EXERCISE INSTRUCTIONS: Can you output the records below exactly as they are written?

DATA IN THIS EXERCISE:
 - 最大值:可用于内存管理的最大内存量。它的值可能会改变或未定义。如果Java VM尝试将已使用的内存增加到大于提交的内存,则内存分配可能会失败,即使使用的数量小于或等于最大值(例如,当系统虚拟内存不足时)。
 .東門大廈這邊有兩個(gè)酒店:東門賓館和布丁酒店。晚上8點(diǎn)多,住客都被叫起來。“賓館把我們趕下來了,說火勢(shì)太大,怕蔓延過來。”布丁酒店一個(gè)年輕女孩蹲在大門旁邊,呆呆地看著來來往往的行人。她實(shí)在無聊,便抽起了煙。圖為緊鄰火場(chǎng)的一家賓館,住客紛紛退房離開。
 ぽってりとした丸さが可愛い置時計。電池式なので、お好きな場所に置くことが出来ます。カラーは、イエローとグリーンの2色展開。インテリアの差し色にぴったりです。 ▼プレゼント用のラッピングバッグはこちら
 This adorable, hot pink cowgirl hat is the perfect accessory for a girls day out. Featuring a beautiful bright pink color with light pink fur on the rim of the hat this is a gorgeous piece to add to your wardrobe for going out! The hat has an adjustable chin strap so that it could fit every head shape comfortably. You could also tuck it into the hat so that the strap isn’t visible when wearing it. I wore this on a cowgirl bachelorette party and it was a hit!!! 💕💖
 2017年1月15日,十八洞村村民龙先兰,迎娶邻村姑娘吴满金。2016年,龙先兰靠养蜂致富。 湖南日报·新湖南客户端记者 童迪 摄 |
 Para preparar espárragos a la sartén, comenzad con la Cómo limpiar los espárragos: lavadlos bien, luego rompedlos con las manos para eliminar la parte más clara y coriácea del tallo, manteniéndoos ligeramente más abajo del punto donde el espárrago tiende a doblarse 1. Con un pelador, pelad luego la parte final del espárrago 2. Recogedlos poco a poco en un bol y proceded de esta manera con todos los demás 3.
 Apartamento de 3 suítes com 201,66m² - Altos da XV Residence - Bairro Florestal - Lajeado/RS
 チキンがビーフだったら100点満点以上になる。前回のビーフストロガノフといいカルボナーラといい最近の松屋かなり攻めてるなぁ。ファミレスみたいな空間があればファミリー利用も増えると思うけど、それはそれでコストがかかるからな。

WRITTEN ANSWER:
 - 最大值:可用于内存管理的最大内存量。它的值可能会改变或未定义。如果Java VM尝试将已使用的内存增加到大于提交的内存,则内存分配可能会失败,即使使用的数量小于或等于最大值(例如,当系统虚拟内存不足时)。
 .東門大廈這邊有兩個(gè)酒店:東門賓館和布丁酒店。晚上8點(diǎn)多,住客都被叫起來。“賓館把我們趕下來了,說火勢(shì)太大,怕蔓延過來。”布丁酒店一個(gè)年輕女孩蹲在大門旁邊,呆呆地看著來來往往的行人。她實(shí)在無聊,便抽起了煙。圖為緊鄰火場(chǎng)的一家賓館,住客紛紛退房離開。
 ぽってりとした丸さが可愛い置時計。電池式なので、お好きな場所に置くことが出来ます。カラーは、イエローとグリーンの2色展開。インテリアの差し色にぴったりです。 ▼プレゼント用のラッピングバッグはこちら
 This adorable, hot pink cowgirl hat is the perfect accessory for a girls day out. Featuring a beautiful bright pink color with light pink fur on the rim of the hat this is a gorgeous piece to add to your wardrobe for going out! The hat has an adjustable chin strap so that it could fit every head shape comfortably. You could also tuck it into the hat so that the strap isn’t visible when wearing it. I wore this on a cowgirl bachelorette party and it was a hit!!! 💕💖
 2017年1月15日,十八洞村村民龙先兰,迎娶邻村姑娘吴满金。2016年,龙先兰靠养蜂致富。 湖南日报·新湖南客户端记者 童迪 摄 |
 Para preparar espárragos a la sartén, comenzad con la Cómo limpiar los espárragos: lavadlos bien, luego rompedlos con las manos para eliminar la parte más clara y coriácea del tallo, manteniéndoos ligeramente más abajo del punto donde el espárrago tiende a doblarse 1. Con un pelador, pelad luego la parte final del espárrago 2. Recogedlos poco a poco en un bol y proceded de esta manera con todos los demás 3.
 Apartamento de 3 suítes com 201,66m² - Altos da XV Residence - Bairro Florestal - Lajeado/RS
 チキンがビーフだったら100点満点以上になる。前回のビーフストロガノフといいカルボナーラといい最近の松屋かなり攻めてるなぁ。ファミレスみたいな空間があればファミリー利用も増えると思うけど、それはそれでコストがかかるからな。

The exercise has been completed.